*Assignment*
Start to finish, return the listing below exactly, pictures excluded.

*Data to process*
- Opening Delimiter -

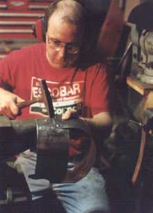 14) Working at the stump on the sidepieces that will run from the crest band to the brow band. These pieces have to curve two ways at once. Cross strokes with the convex planishing hammer will curl it upwards. Hits down the length will curl it from side to side. There is a small dishing hollow in the stump, about 1” across, and this was alternated, as needed, with the more level part of the stump to form the compound curve. Note the heavy leather gloves, to protect the hands from vibration as much as from sharp edges. Once these were riveted on I used the "cannon ball" stake to round the edges a bit more inward for the gores. |
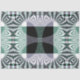 Espelhamento infinito de mandala de quatro pétalas, paleta colorida translúcida azul-esverdeada, design moderna. O padrão fratural com brilho de vidro transforma o espaço e o harmoniza.
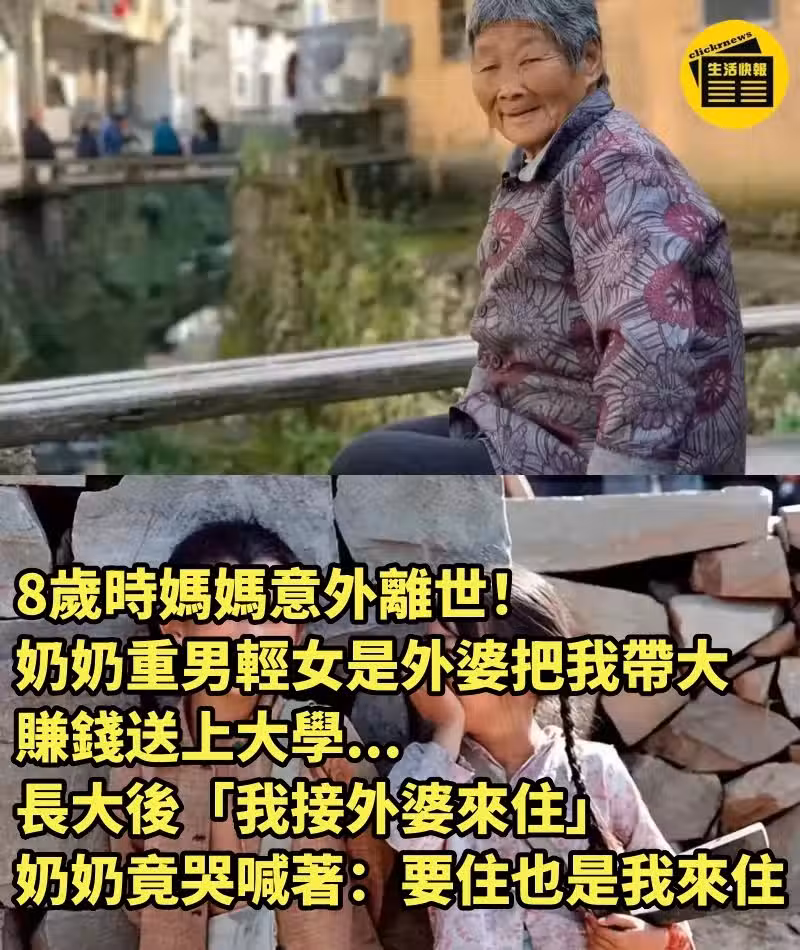 8歲時媽媽意外離世!奶奶重男輕女,「是外婆把我帶大」賺錢送上大學...長大後「我接外婆來住」奶奶竟哭喊著:要住也是我來住
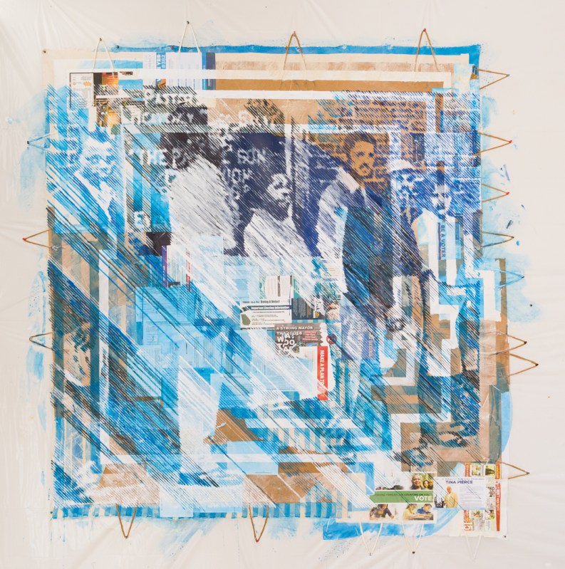 Jackson’s paintings are three-dimensional assemblages that begin with archival or contemporary photographs. To these photo transfers, she adds layers of paper, textiles, embroidery, and prints to tell the narrative of the segregation and displacement of communities of Black, Indigenous, and people of color in the United States. This displacement continues to the present day seizures and foreclosures of homes, owned by Black and Brown people, under the Third Party Transfer (TPT) Program. This Program targets paid-for properties in gentrifying communities, transferring ownership from elderly Black and Brown property owners to developers.
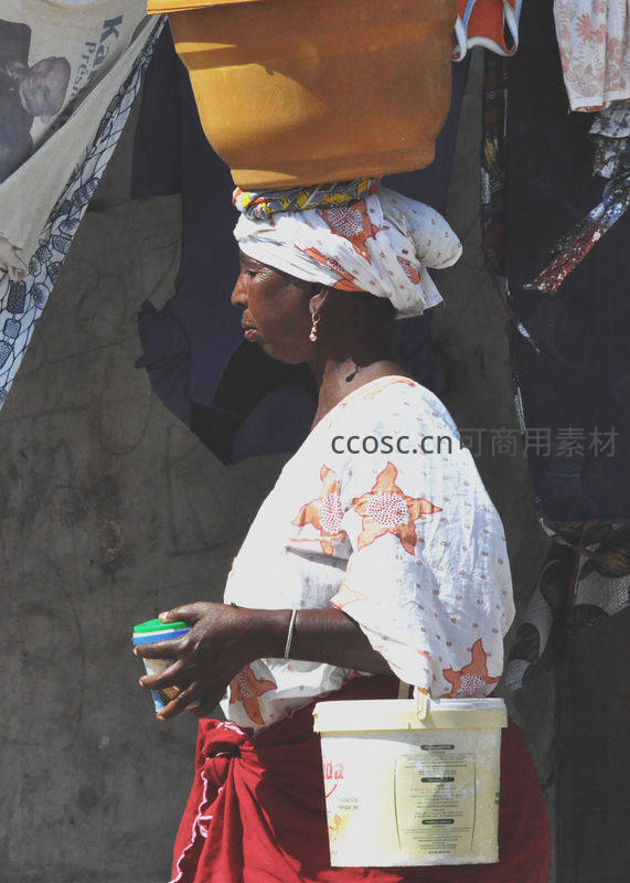 一位非洲妇女头戴花布头巾,稳稳顶着黄色容器,手提水桶,行走在市集小巷中,展现了当地女性坚韧的生活状态与独特文化风貌。
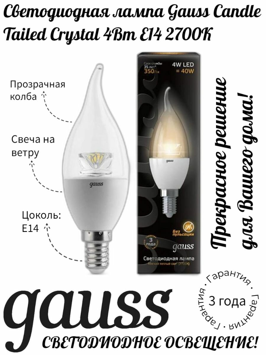 Светодиодная лампа Gauss - свеча на ветру с прозрачным стеклом идеально подходит к установке в хрустальные люстры, бра.
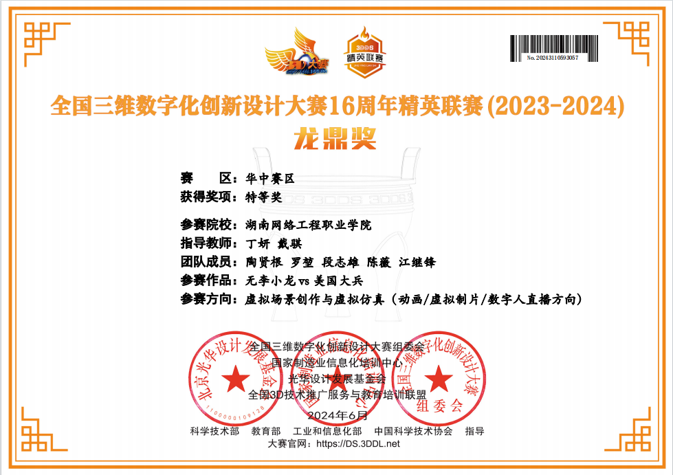 本次华中区选拔赛涵盖了虚幻引擎、3D模型、动捕技术、后期剪辑等模块,全面检验了参赛选手的三维软件与虚幻引擎的综合运用。陶贤根同学带队的作品,在华中地区9所职业院校与25所本科院校一共80支队伍中脱颖而出,获得了全华中赛区特等奖,是湖南省唯一取得国赛资格的参赛队伍,并将在2024年6月份同全国102支队伍一起角逐国赛现场决赛。团队在华中赛区选拔赛结束后依然刻苦努力继续备赛至今,学生在知识结构、数字素养和职业技能等方面都有大幅跃升,得到的远远不止是这个奖项,更多的是备赛过程中的收获和实践经验的积累。
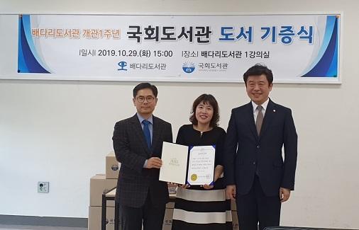 이번 도서 기증은 유의동 국회의원이 국회도서관과 배다리도서관을 연결해 이뤄졌으며 기증식에는 유의동 국회의원, 박선춘 국회도서관장 직무대행, 박옥주 국회도서관 정보봉사국장 등이 참여했다.

- Closing Delimiter -

*Result*
 14) Working at the stump on the sidepieces that will run from the crest band to the brow band. These pieces have to curve two ways at once. Cross strokes with the convex planishing hammer will curl it upwards. Hits down the length will curl it from side to side. There is a small dishing hollow in the stump, about 1” across, and this was alternated, as needed, with the more level part of the stump to form the compound curve. Note the heavy leather gloves, to protect the hands from vibration as much as from sharp edges. Once these were riveted on I used the "cannon ball" stake to round the edges a bit more inward for the gores. |
 Espelhamento infinito de mandala de quatro pétalas, paleta colorida translúcida azul-esverdeada, design moderna. O padrão fratural com brilho de vidro transforma o espaço e o harmoniza.
 8歲時媽媽意外離世!奶奶重男輕女,「是外婆把我帶大」賺錢送上大學...長大後「我接外婆來住」奶奶竟哭喊著:要住也是我來住
 Jackson’s paintings are three-dimensional assemblages that begin with archival or contemporary photographs. To these photo transfers, she adds layers of paper, textiles, embroidery, and prints to tell the narrative of the segregation and displacement of communities of Black, Indigenous, and people of color in the United States. This displacement continues to the present day seizures and foreclosures of homes, owned by Black and Brown people, under the Third Party Transfer (TPT) Program. This Program targets paid-for properties in gentrifying communities, transferring ownership from elderly Black and Brown property owners to developers.
 一位非洲妇女头戴花布头巾,稳稳顶着黄色容器,手提水桶,行走在市集小巷中,展现了当地女性坚韧的生活状态与独特文化风貌。
 Светодиодная лампа Gauss - свеча на ветру с прозрачным стеклом идеально подходит к установке в хрустальные люстры, бра.
 本次华中区选拔赛涵盖了虚幻引擎、3D模型、动捕技术、后期剪辑等模块,全面检验了参赛选手的三维软件与虚幻引擎的综合运用。陶贤根同学带队的作品,在华中地区9所职业院校与25所本科院校一共80支队伍中脱颖而出,获得了全华中赛区特等奖,是湖南省唯一取得国赛资格的参赛队伍,并将在2024年6月份同全国102支队伍一起角逐国赛现场决赛。团队在华中赛区选拔赛结束后依然刻苦努力继续备赛至今,学生在知识结构、数字素养和职业技能等方面都有大幅跃升,得到的远远不止是这个奖项,更多的是备赛过程中的收获和实践经验的积累。
 이번 도서 기증은 유의동 국회의원이 국회도서관과 배다리도서관을 연결해 이뤄졌으며 기증식에는 유의동 국회의원, 박선춘 국회도서관장 직무대행, 박옥주 국회도서관 정보봉사국장 등이 참여했다.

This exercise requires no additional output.